TASK ITEM
When you write out the listing, keep each word exactly as it stands but include none of its images.

DATA EXCERPT
◇ ◇ ◇ ◇

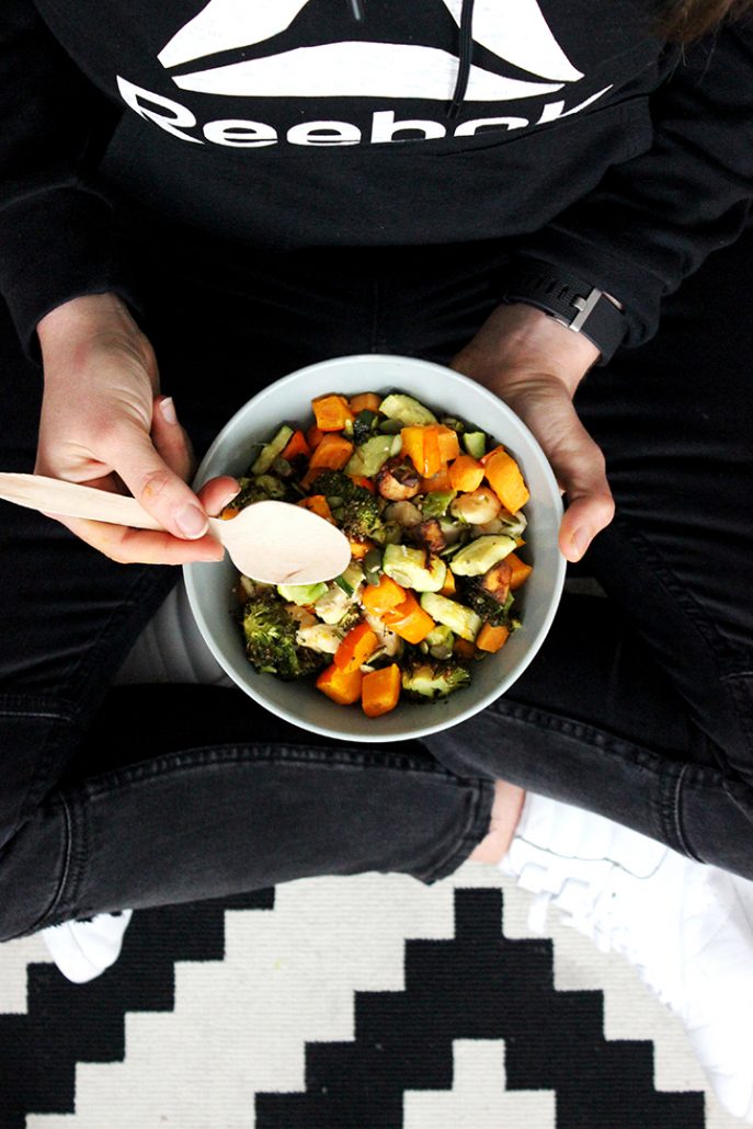 Je suis actuellement en perte de poids donc je limite les féculents, je n'en mange quasiment pas le soir. Mais j'écoute mon corps, si il en a besoin, je vais prendre 2 tranches de pain complet.
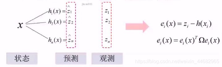 预测的特征点的位置和地图上的特征点的位置做差,优化预测的相机位置x,令差值最小(Ω是噪声,代表权重,噪声越大,权重应该越小)
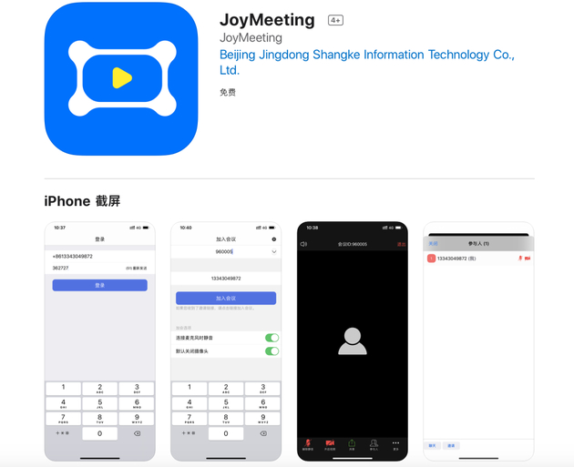 根据苹果应用商店中「JoyMeeting」的介绍显示,其开发者为北京京东尚科信息技术科技有限公司,据天眼查显示,该公司的高管辛波为京东团队创始人之一。

◇ ◇ ◇ ◇

OUTPUT FOR THIS EXERCISE
 Je suis actuellement en perte de poids donc je limite les féculents, je n'en mange quasiment pas le soir. Mais j'écoute mon corps, si il en a besoin, je vais prendre 2 tranches de pain complet.
 预测的特征点的位置和地图上的特征点的位置做差,优化预测的相机位置x,令差值最小(Ω是噪声,代表权重,噪声越大,权重应该越小)
 根据苹果应用商店中「JoyMeeting」的介绍显示,其开发者为北京京东尚科信息技术科技有限公司,据天眼查显示,该公司的高管辛波为京东团队创始人之一。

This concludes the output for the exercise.